Cape EMS’ beaten down share price has reportedly drawn investment interest from the likes of Ekuiti Nasional Bhd (Ekuinas), which is believed to be mulling over a stake in the Johor-based EMS player.

In addition, businessman Chung Chee Yang started to accumulate Cape EMS shares on the open market and emerged as a substantial shareholder on Nov 13. As at Dec 10, he increased his stake to 8.3%, or 82 million shares, in the company.

Meanwhile, the Employees Provident Fund, which had emerged as a substantial shareholder on July 26, ceased to be one on Aug 15 after selling a portion of its shares.

Another player attracting interest is Penang-based EMS provider NationGate because of its improved bottom line. For the third quarter ended Sept 30, 2024, it saw a net profit of RM46.6 million on the back of RM1.4 billion in turnover, primarily driven by its data computing segment.

Interestingly, there have been concerns about the company’s future profitability as its net profit was heavily influenced by unrealised forex gains amounting to RM76.2 million for the quarter and RM142 million for the first nine months of the year. Had it not been for the forex gains, the company’s core operations might have faced a net loss.
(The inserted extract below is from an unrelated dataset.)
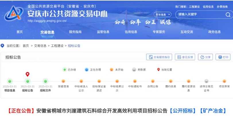 近日,安徽桐城市同遠(yuǎn)資源開(kāi)發(fā)有限公司發(fā)布桐城市劉崖建筑石料綜合開(kāi)發(fā)高效利用項(xiàng)目招標(biāo)公告。2023年3月22日,桐城市同遠(yuǎn)礦產(chǎn)資源開(kāi)發(fā)有限公司以8.42億元成功競(jìng)得該礦權(quán)。 本項(xiàng)目位于安徽省桐城市青草鎮(zhèn)及范崗鎮(zhèn)境內(nèi),主要建設(shè)內(nèi)容為范崗鎮(zhèn)童鋪村劉崖建筑石料加工區(qū)建設(shè)、Y100朝陽(yáng)庵至童鋪段公路建設(shè)工程及配套劉崖礦區(qū)開(kāi)采加工及運(yùn)營(yíng)。該項(xiàng)目可采資源量10073.31萬(wàn)噸,年開(kāi)采加工建筑砂石骨料500萬(wàn)噸,建設(shè)期為2年。本項(xiàng)目接受聯(lián)合體投標(biāo),聯(lián)合體成員數(shù)量不超過(guò)4家。 最高投標(biāo)限價(jià): 勘察設(shè)計(jì)費(fèi)用最高報(bào)價(jià):860萬(wàn)元(含各項(xiàng)專題,不含Y100朝陽(yáng)庵至童鋪段公路設(shè)計(jì))。 工程費(fèi)用最高費(fèi)率報(bào)價(jià):初步設(shè)計(jì)中工程費(fèi)用的90%(初步設(shè)計(jì)中工程費(fèi)用概算為36817.98萬(wàn)元)。 本招標(biāo)項(xiàng)目已獲批準(zhǔn)建設(shè),招標(biāo)人為桐城市同遠(yuǎn)資源開(kāi)發(fā)有限公司。建設(shè)資金來(lái)自企業(yè)自籌,出資比例為100%。項(xiàng)目已具備招標(biāo)條件,現(xiàn)對(duì)該項(xiàng)目進(jìn)行公開(kāi)招標(biāo)。 本項(xiàng)目位于安徽省桐城市青草鎮(zhèn)及范崗鎮(zhèn)境內(nèi),主要建設(shè)內(nèi)容為范崗鎮(zhèn)童鋪村劉崖建筑石料加工區(qū)建設(shè)、Y100朝陽(yáng)庵至童鋪段公路建設(shè)工程及配套劉崖礦區(qū)開(kāi)采加工及運(yùn)營(yíng)。其中礦區(qū)開(kāi)采礦種為建筑用花崗巖,礦區(qū)面積為0.4161平方千米,開(kāi)采標(biāo)高+481.8米至+241米,可采資源量10073.31萬(wàn)噸,開(kāi)采方式為露天開(kāi)采,本項(xiàng)目建設(shè)砂石骨料生產(chǎn)設(shè)施及相關(guān)配套基礎(chǔ)設(shè)施等。年開(kāi)采加工能力為年產(chǎn)建筑砂石骨料500萬(wàn)噸。 最高投標(biāo)限價(jià): (1)勘察設(shè)計(jì)費(fèi)用最高報(bào)價(jià):860萬(wàn)元(含各項(xiàng)專題,不含Y100朝陽(yáng)庵至童鋪段公路設(shè)計(jì))。 (2)工程費(fèi)用最高費(fèi)率報(bào)價(jià):初步設(shè)計(jì)中工程費(fèi)用的90%(初步設(shè)計(jì)中工程費(fèi)用概算為36817.98萬(wàn)元)。 (3)礦山開(kāi)采及砂石加工綜合單價(jià):26.5元/噸(開(kāi)采費(fèi)用比例不得高于45%)。 注: 1)工程費(fèi)用包括:劉崖建筑石料加工區(qū)工程費(fèi)用(不含初步設(shè)計(jì)中砂石骨料工廠的生產(chǎn)設(shè)備及安裝費(fèi)用、智慧礦山費(fèi)用)、外部運(yùn)輸?shù)缆罚╕100朝陽(yáng)庵至童鋪段公路建設(shè)工程)等工程施工費(fèi)用。(詳見(jiàn)Y100朝陽(yáng)庵至童鋪段公路和加工區(qū)初步設(shè)計(jì))2)礦山開(kāi)采及砂石加工綜合單價(jià)包括:與礦山開(kāi)采及砂石加工所有的生產(chǎn)及相關(guān)費(fèi)用(包括但不限于礦山生產(chǎn)開(kāi)拓與開(kāi)采工程施工費(fèi)用、內(nèi)部開(kāi)拓運(yùn)輸?shù)缆沸藿ā⒌V山基建工程費(fèi)用、綠色礦山創(chuàng)建、智慧礦山、生態(tài)修復(fù)、防洪排水、邊坡監(jiān)測(cè)、安全生產(chǎn)費(fèi)用、生產(chǎn)運(yùn)營(yíng)費(fèi)用等)和本次招標(biāo)范圍內(nèi)的所有設(shè)備、工程的更新、運(yùn)維費(fèi)。3)開(kāi)采及加工設(shè)備采購(gòu)部分:負(fù)責(zé)采購(gòu)滿足產(chǎn)能及質(zhì)量要求的所有與生產(chǎn)有關(guān)的設(shè)備,此部分設(shè)備設(shè)施采購(gòu)費(fèi)用及安裝調(diào)試費(fèi)用由中標(biāo)人自行承擔(dān)。服務(wù)期滿后,加工區(qū)生產(chǎn)線及相關(guān)設(shè)備由中標(biāo)人按主管部門(mén)及招標(biāo)人要求自行妥善處置(此項(xiàng)費(fèi)用由中標(biāo)人承擔(dān))。 招標(biāo)范圍: (1)勘察設(shè)計(jì)內(nèi)容(不含Y100朝陽(yáng)庵至童鋪段公路設(shè)計(jì)):包括但不限于礦區(qū)開(kāi)采、礦石加工區(qū)建設(shè)有關(guān)的工程勘察設(shè)計(jì),含工程規(guī)劃設(shè)計(jì)方案及初步設(shè)計(jì)優(yōu)化、施工圖設(shè)計(jì)、工程勘察、專家評(píng)審、圖審及后續(xù)服務(wù)(各項(xiàng)成果文件的評(píng)審、論證、報(bào)批報(bào)建)以及與礦山開(kāi)采及加工、加工區(qū)建設(shè)所涉及的相關(guān)專題的編制、審查、論證、報(bào)批等相關(guān)工作。 (2)礦山基建工程內(nèi)容: 1)生產(chǎn)開(kāi)拓與開(kāi)采:主要包括礦山基建采準(zhǔn)、礦山開(kāi)拓運(yùn)輸?shù)缆贰⒌V山穿孔設(shè)備、礦山鏟裝設(shè)備、礦山運(yùn)輸設(shè)備、礦山輔助設(shè)備等內(nèi)容; 2)礦山防洪排水、邊坡監(jiān)測(cè)等工程; 3)礦山內(nèi)部運(yùn)輸?shù)缆罚ǖV區(qū)內(nèi)); 4)綠色礦山建設(shè):達(dá)到省級(jí)或省級(jí)以上標(biāo)準(zhǔn); 5)生態(tài)修復(fù)等。 (3)礦石加工系統(tǒng):主要包括年產(chǎn)能不低于500萬(wàn)噸砂石加工生產(chǎn)基地土建施工和設(shè)備及相關(guān)配套設(shè)施。 (4)礦山外部運(yùn)輸?shù)缆罚╕100朝陽(yáng)庵至童鋪段公路建設(shè)工程)。 (5)礦山開(kāi)采及砂石加工服務(wù)內(nèi)容: 礦山開(kāi)采及砂石加工服

Nevertheless, Kenanga Research believes the group is well positioned to benefit from the strong artificial intelligence (AI) server demand in the data computing segment and is poised for a recovery in its networking and telco divisions in FY2025. The research house has an “outperform call” on the counter with a TP of RM2.30 based on an unchanged FY2025F PER of 25 times.
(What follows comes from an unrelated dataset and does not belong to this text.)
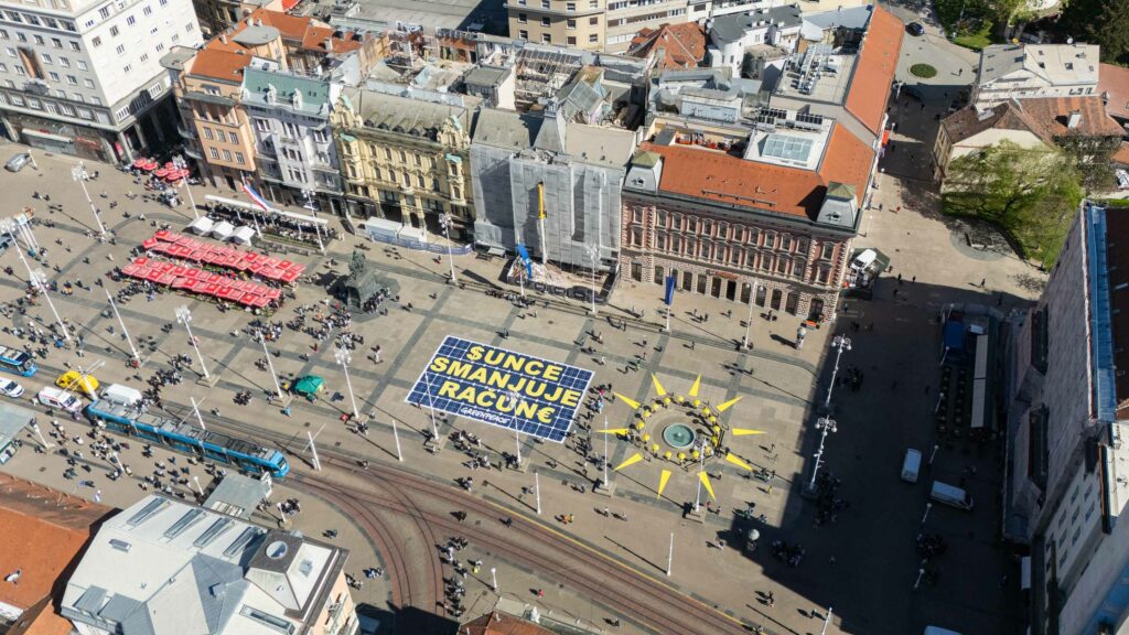 Greenpeace je u petak sa središnjeg zagrebačkog Trga poručio da je domaća solarna energija najjeftiniji i najsigurniji način za obuzdavanje rasta cijena. Ratni sukobi, pogotovo aktualna blokada Hormuškog tjesnaca, povećavaju nesigurnost i potiču inflaciju. Reagirajući na takav razvoj događaja, aktivisti su zagrebački Manduševac “ukrasili” sunčevim zrakama uz golemu poruku da je sunce rješenje za smanjenje računa. Prema nedavnoj Greenpeaceovoj studiji koju je izradio tim stručnjaka sa zagrebačkog FSB-a, Hrvatska može imati 100% obnovljivu električnu energiju već do 2030. godine.

“This represents a 30% premium to peers’ forward mean, justified by the group’s favourable exposure to the fast-growing networking product segment and its advanced capabilities, which yield better margins as well as enhance customer stickiness,” it says.

EMS players part of tech up cycle

Analysts have predicted for some time that the technology sector is poised for an up cycle starting in the second half of this year.

AmInvestment Bank Research said in a Dec 4 report that “interest will return to Malaysia Tech in 2025, given its relatively low holdings in investor portfolios, reasonable valuations and still positive long-term structural prospects”.

“While there is value, we advise investors to be selective, as high earnings expectations remain a key risk. We favour stocks with earnings certainty (via secured orders) or those that have been oversold, provided they have a clear strategy and long-term vision. The conclusion of the US elections and prospects of higher tariffs are a structural tailwind for Malaysia as local companies can benefit from supply chain relocation activities,” said the research house, which is “overweight” on the technology sector.

It has “buy” calls on ViTrox Corp Bhd (KL:VITROX), V.S. Industry, Malaysian Pacific Industries Bhd (KL:MPI) and Greatech Technology Bhd (KL:GREATEC), with TPs of RM4.75, RM1.45 (from RM1.05), RM33.10 (from RM38) and RM2.60 (from RM5.53) respectively. It has “hold” calls for Pentamaster Corp Bhd (KL:PENTA) and Inari Amertron Bhd (KL:INARI), with TPs of RM3.50 and RM2.40 (from RM4.36) respectively.

As for the susceptibility of consumer-centric EMS companies to a potential economic slowdown on the back of weaker consumer sentiment, Choo says: “Our base case scenario is that with [US president-elect Donald] Trump in office, there will not be a US recession in 2025 and consumer demand should remain sustained. We are positive on the EMS sector due to its potential business recovery, corrected share price and the added factor of taking market share from China and Taiwan contractors.”